10:30 a.m.: Take some time post-brunch to explore the shops around Manchester, especially in the Northern Quarter. The city has everything from big department stores like John Lewis and Selfridges, to vintage shops and boutiques. The designer goods can be found on King Street, Spinningfields and New Cathedral Street, while the Northern Quarter is best for vintage clothes and record shops. If you've rented a car, consider venturing out of the city to search for deals at the Cheshire Oaks Designer Outlet, which has more than 140 stores.
Day 2: Afternoon
1 p.m.: There are a lot of great restaurants to choose from in Manchester, but since you're in England you should experience a classic pub lunch. Head to The Old Wellington, which dates back to 1552 and has a long history in the city. The menu is traditional and rustic, with options like fish and chips and burgers, and you'll want to pair your food with a pint of whatever is on tap. Those in town on a Sunday should order up a Sunday roast, an English tradition that involves roast meat, vegetables and a Yorkshire pudding under a pile of gravy. The Old Wellington serves theirs with beef, chicken, or a vegetarian-friendly nut roast.
3 p.m.: Select from a long list of cool museums, many of which are ideal for families. The Whitworth is great for art lovers, while the Imperial War Museum North centers on the impact of modern day conflict around the world. If you've had enough of museums, strap on a pair of skis or a snowboard at Chill Factore, the U.K. longest indoor ski slope. There's a snow park, climbing wall, and even ski lessons for those who want some practice.
If you prefer to spend the afternoon relaxing, book into the spa at historic hotel The Midland, which has been part of the city's landscape for 115 years. The hotel's high-end Rena Spa boasts everything from relaxing treatments to sleep chambers to steam rooms, and you can't go wrong with a dip in the heated relaxation pool. It's a good place to unwind solo, or go as a couple or in a group. Try to book your treatments in advance when possible.
Day 2: Evening
6 p.m.: Book in for a pre-theater meal at Hawksmoor, a chic steakhouse that's a favorite around the U.K. It's close to most of the theaters, which makes it easy to have a quick dinner before a show. Opt for two or three courses, and go all out with the rump steak with chips as your main course (though they do also cater to vegetarians). It's best to reserve a table in advance, though you can gamble at the last minute by trying to score some seats at the bar.

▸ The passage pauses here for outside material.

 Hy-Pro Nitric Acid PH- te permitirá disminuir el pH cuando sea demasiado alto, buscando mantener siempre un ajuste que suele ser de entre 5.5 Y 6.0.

7:30 p.m.: Celebrate Manchester's artistic side with a show at the Manchester Opera House, which first opened in 1912. It features everything from popular musicals like "Mamma Mia!" to comedy shows and music events. It's recommended to book tickets in advance, but you might have some luck on the day if you visit the box office or look online for discounted offers. The Palace Theatre Manchester is another good bet for those looking to see a play or musical.

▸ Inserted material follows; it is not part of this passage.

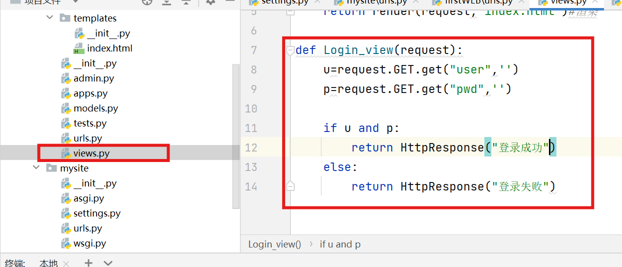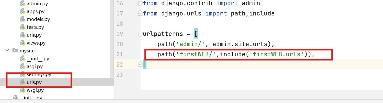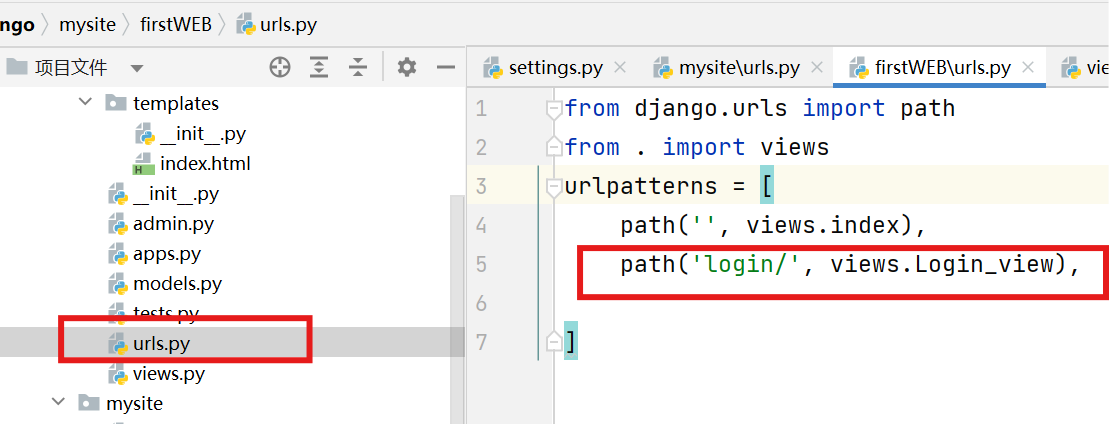 urls.py 文件的作用是告诉 Django,当用户访问某个特定的网址时,应该调用哪个 Python 函数(也就是视图函数)来处理这个请求。这里是建立一个映射关系,将网址http://127.0.0.1:8000/firstWEB/login/(本示例的地址) 和 views.py 文件里的 Login_view函数绑定在一起。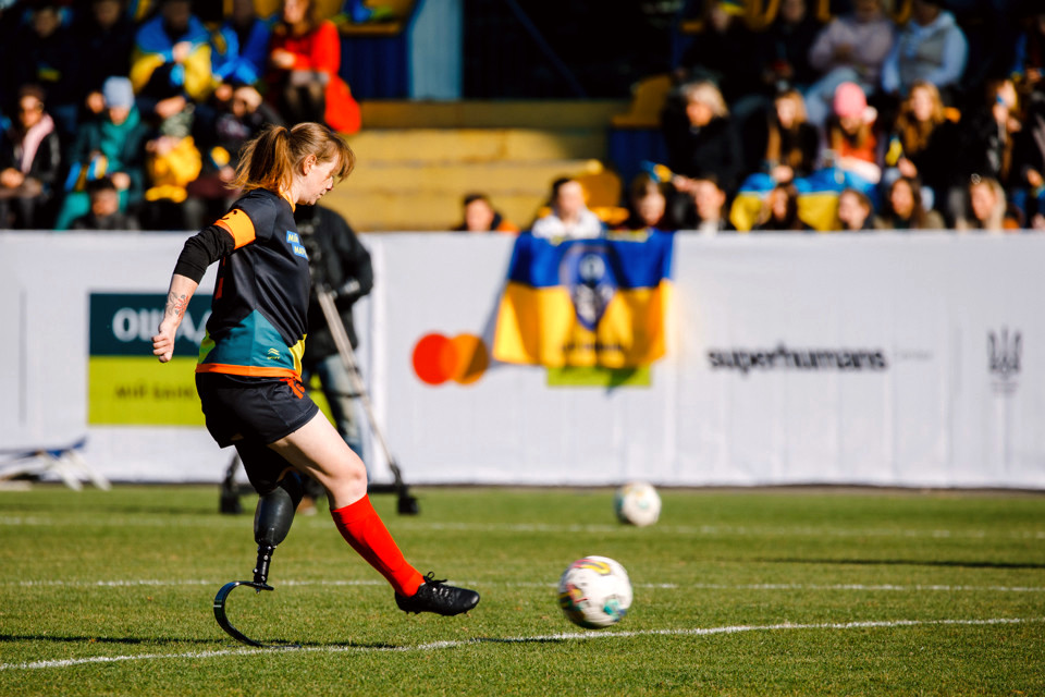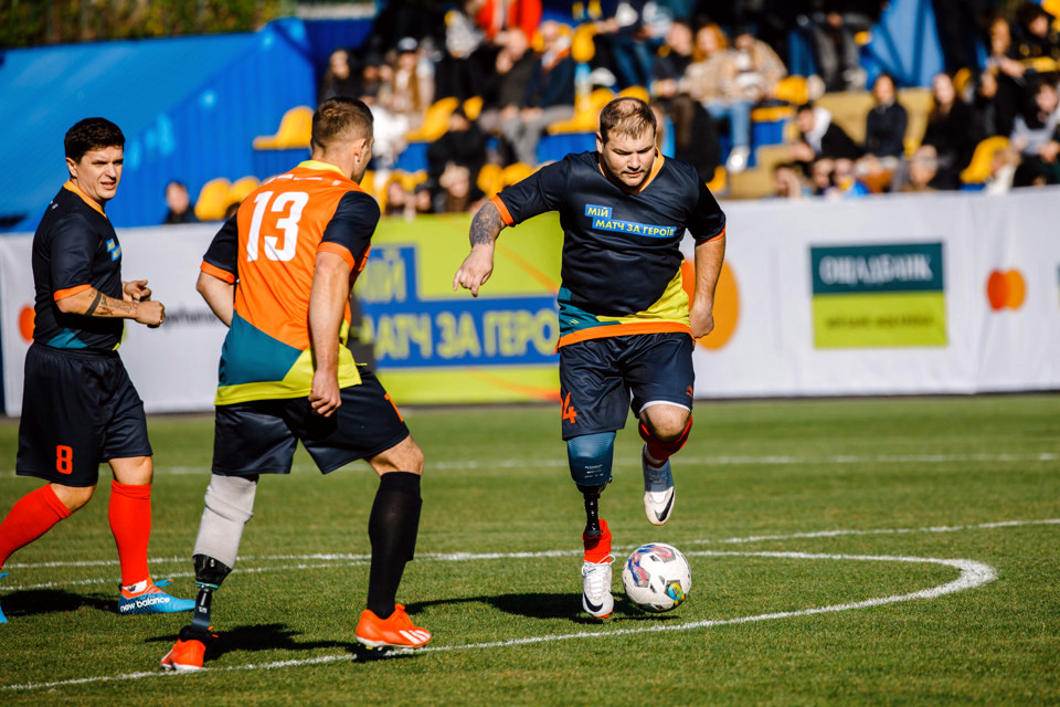 "Match for Heroes 2.0" is a continuation of the charity initiative by Mastercard and Oschadbank, where veterans with amputations first met on the football field with Ukrainian stars. This collaboration raised over 7.7 million UAH for sports prostheses for patients at the Superhumans Center.

10:30 p.m.: For a post-theater cocktail, cozy up to the bar at boutique property Cow Hollow Hotel. The hotel's Plantation Bar serves up wine and cocktails in a cool, intimate room with only four stools. For something rowdier, snag a pint at the Castle Hotel, a lively pub with its own live music hall. It's a great spot to cap off your Manchester experience, particularly if there's an event on that night.